▶ Data
_ _ _

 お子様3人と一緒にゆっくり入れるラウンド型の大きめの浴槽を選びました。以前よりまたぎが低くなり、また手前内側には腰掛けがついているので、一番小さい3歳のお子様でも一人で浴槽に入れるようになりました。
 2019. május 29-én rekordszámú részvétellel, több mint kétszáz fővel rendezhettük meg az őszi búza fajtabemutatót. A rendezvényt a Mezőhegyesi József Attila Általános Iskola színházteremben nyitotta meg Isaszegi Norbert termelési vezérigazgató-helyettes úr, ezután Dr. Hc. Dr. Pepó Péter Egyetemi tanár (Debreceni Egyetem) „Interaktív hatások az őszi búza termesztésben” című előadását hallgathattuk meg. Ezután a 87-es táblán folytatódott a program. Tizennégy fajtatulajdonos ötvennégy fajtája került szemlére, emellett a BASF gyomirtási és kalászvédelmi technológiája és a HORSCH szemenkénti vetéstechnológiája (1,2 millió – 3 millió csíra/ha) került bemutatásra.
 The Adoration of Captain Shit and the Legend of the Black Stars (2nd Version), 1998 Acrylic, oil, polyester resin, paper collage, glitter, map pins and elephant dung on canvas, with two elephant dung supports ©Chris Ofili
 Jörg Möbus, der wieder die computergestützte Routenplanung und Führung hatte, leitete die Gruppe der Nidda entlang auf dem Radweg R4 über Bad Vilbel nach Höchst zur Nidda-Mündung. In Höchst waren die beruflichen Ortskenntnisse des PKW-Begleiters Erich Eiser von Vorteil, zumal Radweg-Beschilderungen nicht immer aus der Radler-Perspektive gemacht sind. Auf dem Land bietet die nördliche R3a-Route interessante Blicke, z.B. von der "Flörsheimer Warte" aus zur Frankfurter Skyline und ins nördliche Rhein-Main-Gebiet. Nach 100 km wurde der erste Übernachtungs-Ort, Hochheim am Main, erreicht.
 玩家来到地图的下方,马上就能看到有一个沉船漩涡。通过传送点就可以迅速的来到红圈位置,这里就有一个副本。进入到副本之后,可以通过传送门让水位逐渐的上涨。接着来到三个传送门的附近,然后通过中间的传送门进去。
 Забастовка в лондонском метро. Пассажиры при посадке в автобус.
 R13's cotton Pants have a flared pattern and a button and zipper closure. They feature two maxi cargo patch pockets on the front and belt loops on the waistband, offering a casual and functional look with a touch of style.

_ _ _

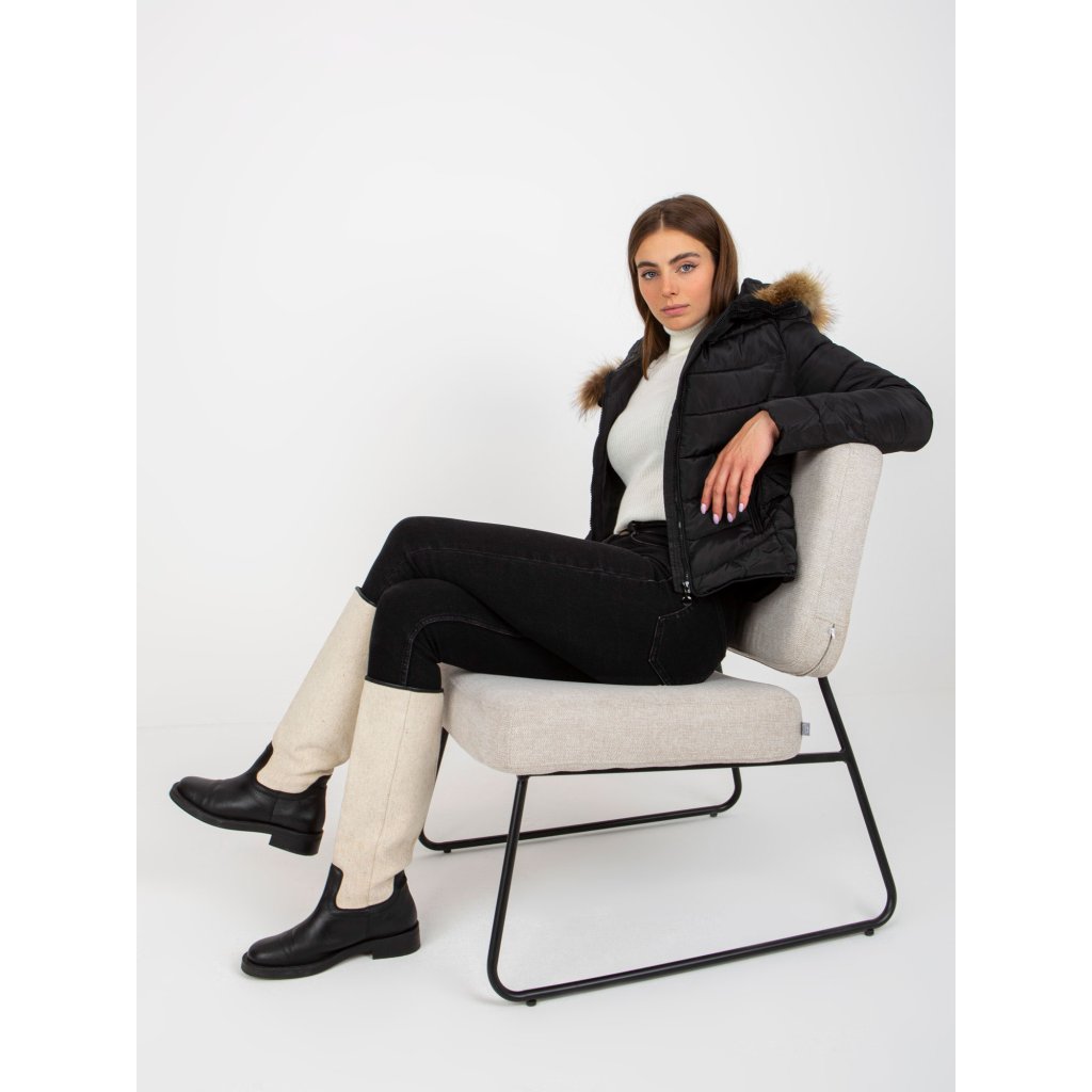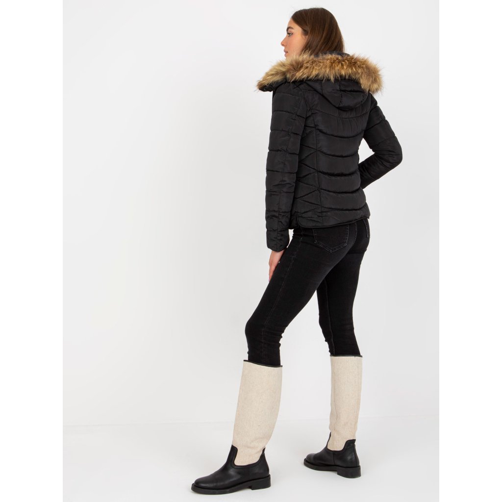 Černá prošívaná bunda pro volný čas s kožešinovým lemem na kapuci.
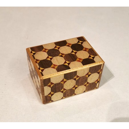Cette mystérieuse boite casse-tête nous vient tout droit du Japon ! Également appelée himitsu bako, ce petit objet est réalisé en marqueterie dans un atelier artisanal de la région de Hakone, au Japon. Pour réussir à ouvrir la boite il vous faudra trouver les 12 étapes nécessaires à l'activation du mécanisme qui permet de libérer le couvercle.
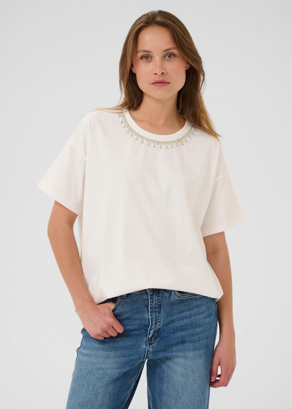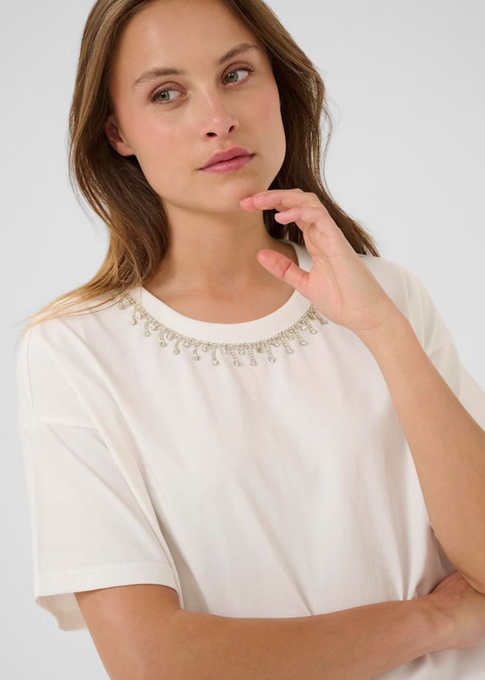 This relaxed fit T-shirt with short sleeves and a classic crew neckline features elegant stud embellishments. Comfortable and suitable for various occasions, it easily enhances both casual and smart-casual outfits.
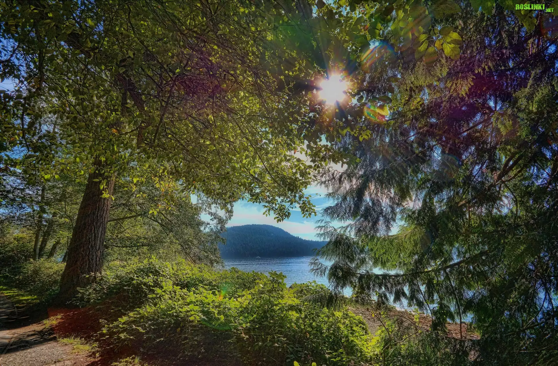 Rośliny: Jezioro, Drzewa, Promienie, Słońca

_ _ _

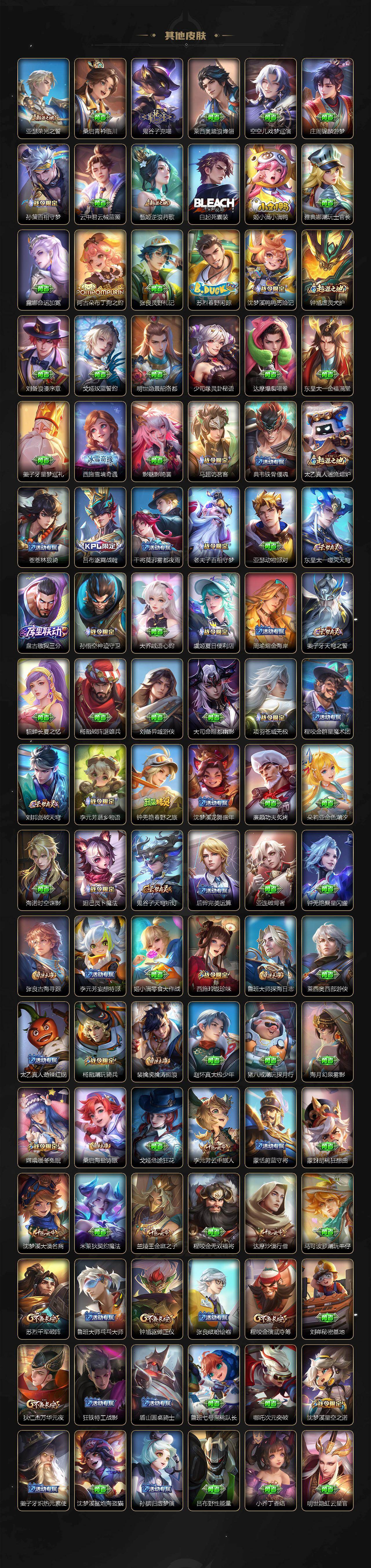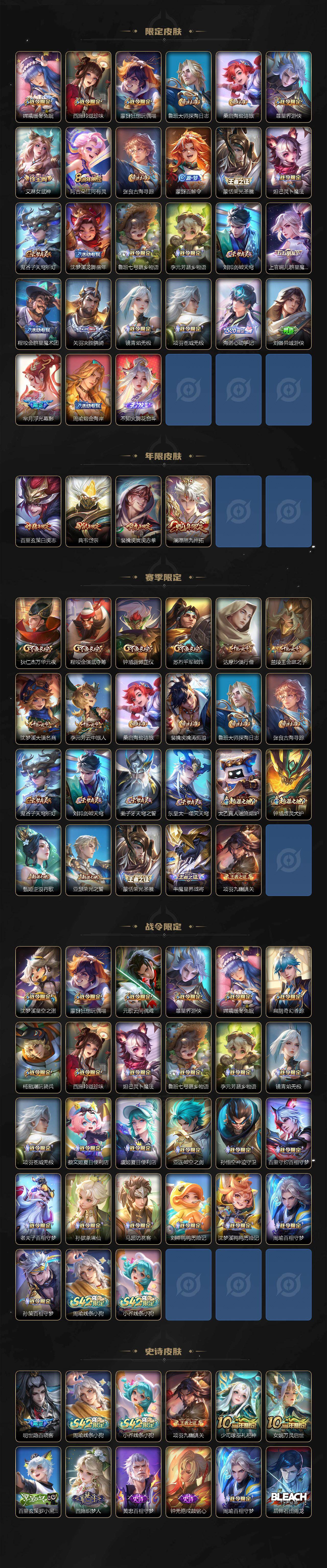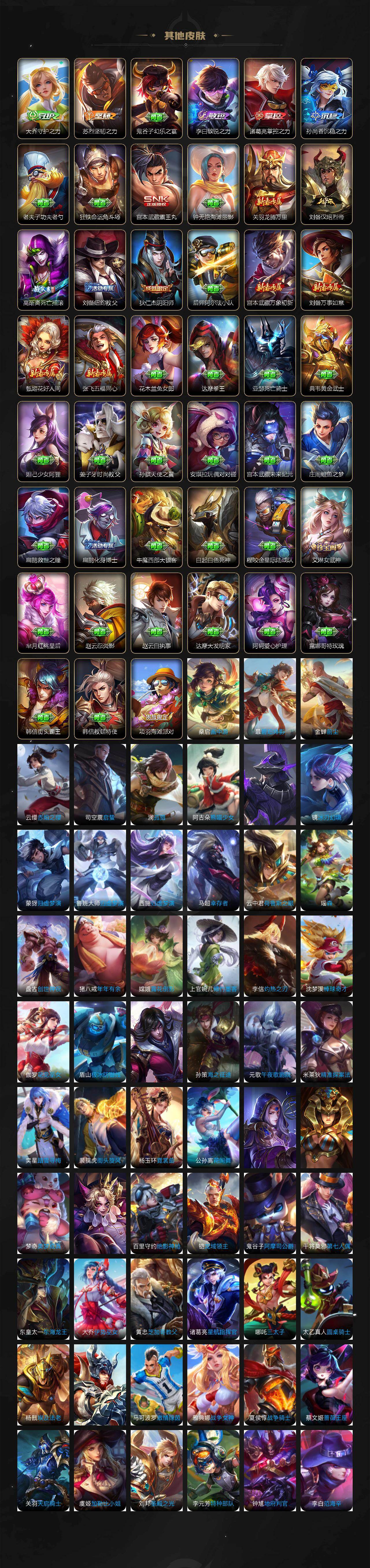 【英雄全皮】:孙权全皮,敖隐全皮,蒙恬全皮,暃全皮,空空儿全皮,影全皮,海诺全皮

_ _ _

▶ Work to complete
All lines above from the one with "The Adoration of" to the one with "R13's cotton Pants", inclusive, should be copied exactly, and no other lines.

▶ Response to the exercise
 The Adoration of Captain Shit and the Legend of the Black Stars (2nd Version), 1998 Acrylic, oil, polyester resin, paper collage, glitter, map pins and elephant dung on canvas, with two elephant dung supports ©Chris Ofili
 Jörg Möbus, der wieder die computergestützte Routenplanung und Führung hatte, leitete die Gruppe der Nidda entlang auf dem Radweg R4 über Bad Vilbel nach Höchst zur Nidda-Mündung. In Höchst waren die beruflichen Ortskenntnisse des PKW-Begleiters Erich Eiser von Vorteil, zumal Radweg-Beschilderungen nicht immer aus der Radler-Perspektive gemacht sind. Auf dem Land bietet die nördliche R3a-Route interessante Blicke, z.B. von der "Flörsheimer Warte" aus zur Frankfurter Skyline und ins nördliche Rhein-Main-Gebiet. Nach 100 km wurde der erste Übernachtungs-Ort, Hochheim am Main, erreicht.
 玩家来到地图的下方,马上就能看到有一个沉船漩涡。通过传送点就可以迅速的来到红圈位置,这里就有一个副本。进入到副本之后,可以通过传送门让水位逐渐的上涨。接着来到三个传送门的附近,然后通过中间的传送门进去。
 Забастовка в лондонском метро. Пассажиры при посадке в автобус.
 R13's cotton Pants have a flared pattern and a button and zipper closure. They feature two maxi cargo patch pockets on the front and belt loops on the waistband, offering a casual and functional look with a touch of style.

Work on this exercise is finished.